Pease porridge hot: What nursery rhymes tell us about dogs wanting food, like these two dogs watching a man eat from a plate
Photo: Sacha Verheij/Unsplash

Thoughts of starvation led to thoughts of evolution, in the way that thoughts meander. I am the descendent of mammals (humans and our ancestors from before human times) who faced starvation so commonly that our folklore is rife with it; our origin stories riddled with it. It’s no surprise then, is it, that I regularly grow too many broad beans, and too many peas, and too many potatoes. It’s no surprise that deep within the recesses of my mind, there is an instinct to over-produce, and deep within the recesses of my freezer, there are needlessly abundant bags full of produce...did we learn nothing from the grasshopper and the ant, after all? And it is also no surprise that this instinct is given shape by the rhymes and fairy tales that set up the pathways in my brain for how language works, and how I should interact with my environment. 


"As I was only half engaged with the repetitive task of shelling the broad beans, my thoughts wandered to the peculiarity of the nursery rhyme."

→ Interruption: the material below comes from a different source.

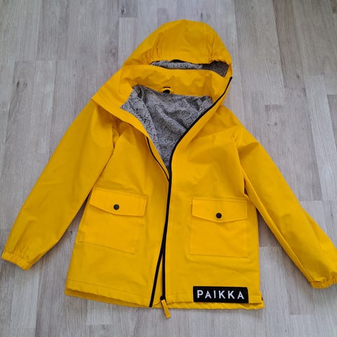 Noin 5 kertaa käytetty sadetakki. Muuten kuin uusi, mutta muutama tumma pieni viiru hihassa.
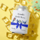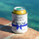 Get the party started with these fun custom blue and white can coolers featuring a blue ribbon on a white background with little birds on it and elegant black script typography.

The next time you are in your kitchen shelling broad beans (or dressing your salad greens), and your dog shows up for a janitorial shift, consider how familiar their urge to consume is, how this is writ on a page in our own evolutionary memoir, too. Consider how you and your dog are alike for a moment before moaning about how they skulk or loiter or slouch about, hoping for a handout. Dogs are mammals, and as are all mammals, dogs are the product of thousands of generations of evolution in a relentless environment, limited by calories, and dying in droves. Just as those of us who garden may grow too many broad beans, and too many peas, and too many potatoes, and just as those of us who hit the shops after work may buy too many biscuits, and too many heads of broccoli, and too many bricks of cheese...it’s entirely natural for dogs to seek food, no matter how many bowls of kibble they have inhaled. For the clever and persistent scavengers we’ve invited into our homes, it doesn’t really matter what you’re making: dogs like it hot, dogs like it cold, dogs like it in a pot, nine days old.